それでもご飯はかかさず作って置いてくれている。
今日は煮物に具沢山の豚汁。
ありがたい。
今お互い忙しい中、母を感じることのできる唯一の繋がりと言っても過言ではない。
寂しい。
なんてこの年で言うものでもないし、恥ずかしいから決して言わないが、やっぱりちょっと物足りなさはある。
昔は本当にうっとおしいくらい俺にひっついていたのに、今では顔を合わせること自体滅多にない。
少しだけ昔のことを思い出しながら冷めたご飯を温め、小さな灯りを灯して母の作ってくれたご飯を食べる。
「あら。帰ったの?ぼっちゃんは遅くまでご苦労さまね」
おどけながら母が話しかけてきた。
「てっきり寝たのかと思った」
ご飯を食べながら母を見る。
夜は既に10時を過ぎていた。
多忙の母にとって10時は遅い。
「いやー喉乾いちゃってさ?よしよしちゃんと飯食ってるな。まだまだあるから食え食え。毎日綺麗に茶碗まで洗ってくれてるからちゃんと食べてるの分かるんだけどさ?ちゃんと飯食ってるの見れて安心したわ。こうやって話すのも久しぶりだもんね?元気か?」
とお茶を飲みながら俺の向かい側に座って笑顔でこっちを見る母の顔はちょっと疲れ気味だ。

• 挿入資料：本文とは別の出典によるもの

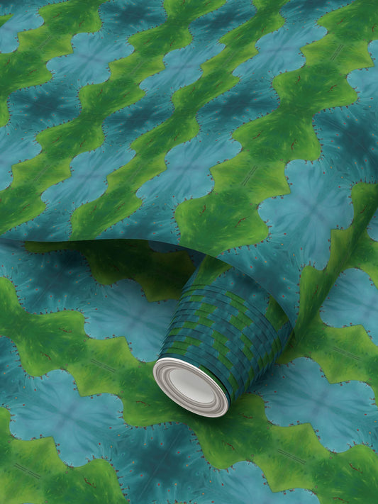 A Day of Cycling. Turqoise Green. Repeat Pattern Wallpaper.

「母さんこそ。早く寝なよ?疲れてるんだろ?もう歳なんだから…無理するなよ」
「歳は余計。あんたのためさ。どうってことないよ。私はいいんだよ。あんただよあんた。毎日よく頑張ってるじゃん偉い!こんなことしかできない母ちゃんですまんよ」
と、飯食ってる俺の頭をぐちゃぐちゃに撫で回す
「飯食ってるんだけど…いつまでも子供扱いしないでくれよ」
「私の半分も生きてないがきんちょが何言ってんだよ。ほらほら食ったんなら風呂はいって寝ろ?残ったおかず適当に弁当に茶碗はそこに置いておく!いつもありがとうね?」
そう言って食べ終わった皿を片付ける母は嬉しそうだ。
俺からしたらこんなちょっとしたことで喜ぶ母を不思議に思うこともあるが、俺もちょっと嬉しい。
母との会話はやっぱり元気がでる。
本当に久しぶりで…
こういう時間作らないとなと改めて思った。
「なあ母さん」
「何?風呂あがったら暖かいお茶入れてあげるから早く入ってきな?」
茶碗を洗っている母の背に向かって「たまには…いいよなこういうの。久しぶりってのもあるけど…」と呟くと振り返った母の顔はとても照れくさそうで…
心底嬉しそうな顔をしていた。
そんな俺もちょっと照れくさい。
さっさと風呂に入って一緒にお茶を飲む。
ほっとするひと時に普段の疲れも癒された。
母も久しぶりに話すからかとても楽しそうだ。
貴重な母との時間もあと少しかもしれないなと思いながら母の話をゆっくりと聞いた。